### AIM OF THE EXERCISE
Any picture in the data below should be skipped, while every line is repeated exactly.

(RAW DATA begins)

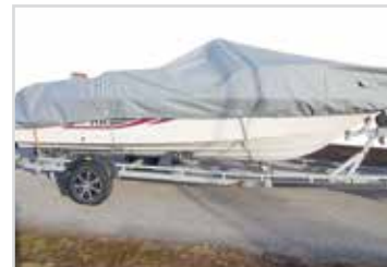
Transport/ förvaringskapell Kontakta återförsäljare för pris.
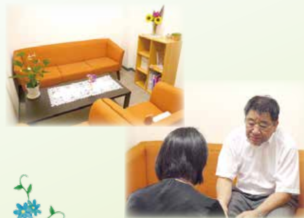
相談室は個室となっております

がんという病気を体験した仲間からのアドバイスは心強く、心の励みにもなります。医師や看護師も参加していますので、普段聞けないことなど質問できる機会です。お気軽にご参加ください。
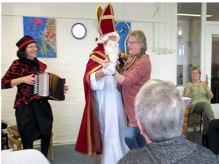
Sommigen mochten een dansje maken met de Sint ...
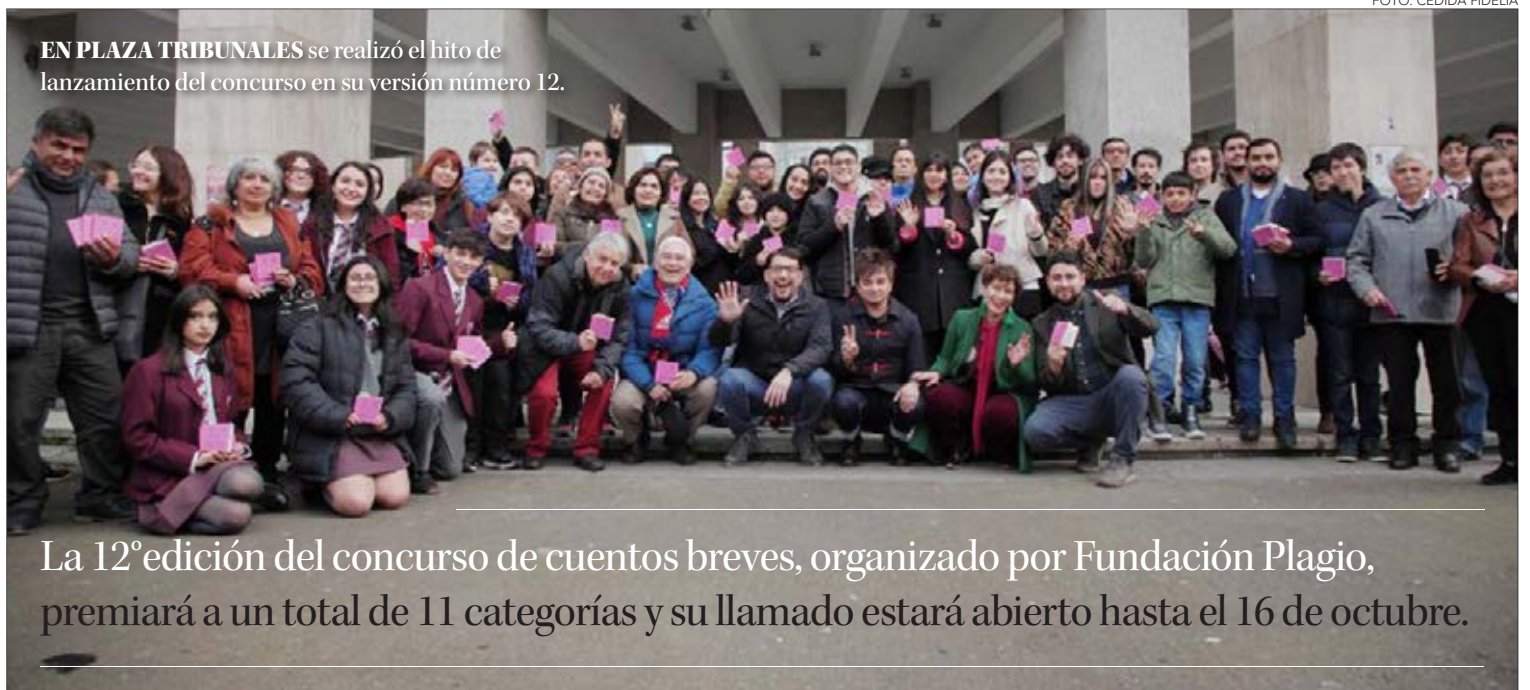
EN PLAZA TRIBUNALES se realizó el hito de lanzamiento del concurso en su versión número 12.

Así la Plaza de Tribunales fue el punto neurálgico donde se realizó este lanzamiento, lugar donde se entregaron a los transeúntes ejemplares del libro con los mejores 100 cuentos de la convocatoria realizada

(RAW DATA ends)

### RESULT
Transport/ förvaringskapell Kontakta återförsäljare för pris.
相談室は個室となっております

がんという病気を体験した仲間からのアドバイスは心強く、心の励みにもなります。医師や看護師も参加していますので、普段聞けないことなど質問できる機会です。お気軽にご参加ください。
Sommigen mochten een dansje maken met de Sint ...
EN PLAZA TRIBUNALES se realizó el hito de lanzamiento del concurso en su versión número 12.

Así la Plaza de Tribunales fue el punto neurálgico donde se realizó este lanzamiento, lugar donde se entregaron a los transeúntes ejemplares del libro con los mejores 100 cuentos de la convocatoria realizada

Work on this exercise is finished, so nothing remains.